Rebuilding Place in the Urban Space

"A community’s physical form, rather than its land uses, is its most intrinsic and enduring characteristic." [Katz, EPA] This blog focuses on place and placemaking and all that makes it work--historic preservation, urban design, transportation, asset-based community development, arts & cultural development, commercial district revitalization, tourism & destination development, and quality of life advocacy--along with doses of civic engagement and good governance watchdogging.

Wednesday, February 01, 2006

Here's an idea--it's too politically perilous to increase gasoline excise taxes, how about eliminating free parking at the office?

High Cost of Free Parking by Donald Shoup

The data reported in a survey of transit users by Metro Transit in Minneapolis-St.

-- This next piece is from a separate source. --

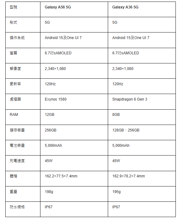 ▲Galaxy A56 5G(右)及A36 5G(左)均用上6.7吋FHD+螢幕,外形近乎一模一樣。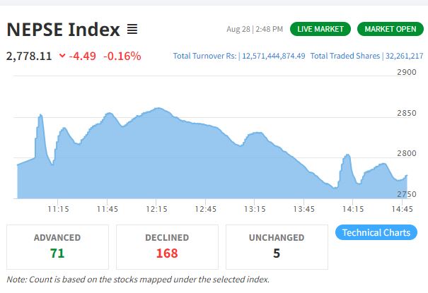 १११ अंकले घट्यो नेप्सेः शेयर बजार ३२०० को विन्दु पुग्ने लगानीकर्ताहरुको प्रक्षेपणलाई इन्डेक्सले गर्ला त सर्पोट ?

Paul reported that:

• Saving money on parking is the reason train riders give most often for why they ride the rail line. Nearly half of Hiawatha riders drive to a park- and-ride lot to catch the train.

• If the train were not available, 59 percent of rail riders said they would have made the trip in their cars alone.

Since the cost of parking, or not, is such a significant factor influencing whether or not people are willing to drive, by taking away the privilege of free parking, this will reduce induced demand for driving.

As difficult as this could be politically, it's likely that forcing a reduction in the availability of free parking wouldn't have the same public outcry as if gasoline taxes were significantly increased. (I saw an ad that said that 16% of the cost of a gallon of gasoline is comprised of taxes.)